Email threats in Q1 2026 continued to lean on interaction traps rather than malware-heavy payloads, with growth in QR code phishing and CAPTCHA-gated phishing that tries to evade automated scanning. Microsoft's analysis also covers the impact of Tycoon2FA disruptions on adversary-in-the-middle (AiTM) activity, then maps mitigations and detections across Microsoft Defender for Office 365 and Microsoft Defender XDR, including how Microsoft Security Copilot can support investigation workflows. That fits with last week's threat research theme: attackers keep winning initial access by abusing trusted UX (collaboration invites, remote help, “prove you're human” CAPTCHA flows), so the practical response is improved detection plus rehearsed containment and session revocation when users inevitably click through.
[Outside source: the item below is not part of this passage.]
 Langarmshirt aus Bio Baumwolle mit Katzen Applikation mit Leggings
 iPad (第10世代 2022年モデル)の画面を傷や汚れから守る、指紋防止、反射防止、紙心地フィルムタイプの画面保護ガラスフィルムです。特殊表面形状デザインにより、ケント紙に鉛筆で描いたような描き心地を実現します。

Microsoft also shipped a broader set of platform updates, including preview protections for AI agents through the Agent 365 tooling gateway, general availability integration between Defender for Cloud and GitHub Advanced Security, and a new Microsoft Purview Data Security Investigations demo aimed at helping teams validate investigation flows end to end. Agent 365 itself reached general availability, with an emphasis on discovering and governing “shadow AI” agents across endpoints, SaaS, and multicloud, and deeper integrations into Microsoft Defender, Intune, and Entra network controls. This is the platform-level continuation of last week's agent governance and AI incident response guidance: inventory, policy, and audit trails are moving into the same management planes teams already rely on for identity and endpoint control, which is where governance becomes enforceable rather than advisory.